# Craftsman Recoil Spring HELP!!!!!!!



## oldbill (Jun 6, 2005)

Can anyone tell me the best, less frustrating, less teeth grinding(cursing) way to rewind and put back together the recoil spring assembly on a Craftsman 25cc model 358.745501. What does the spring hook to and how do you hold all that tension. Everytime I get it almost wound up I get the 'jack n the box' with the spring. Any help greatly appreciated except by my analyst.


----------



## hankster (Jan 1, 1998)

Here is how I do it. You first have to look in the housing that holds the spring and you will see a "notch" that hold the hook part of the spring. The hook can only go in one way so when you wind the spring into the metal shield you have to make sure the hook is pointing in the correct direction.

Now, take the hook part of the spring and place it in the slot on the outside of the metal shield. You should now be able to work the spring around inside the metal shield. The first couple coils can be a slight pain since the hook will want to pop out of the slot in the metal shield but once you get past the first couple of coils it goes real easy.

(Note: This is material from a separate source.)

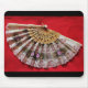 Verzierter Handheld-Lüfter auf einem roten Hinterg Mousepad

Maybe I can come up with a few pictures next week to better explain it.


----------



## oldbill (Jun 6, 2005)

The hook will not stay in the slot. Do you tape it or how do you hold it in? Also the spring jumps out of the shield while trying it wind it in...guess it takes lots of practice and patience. The pics would help a great deal I really appreciate your help Hank.


----------



## hankster (Jan 1, 1998)

You just hold it in when winding. It takes a little practice but really isn't that hard to do.


----------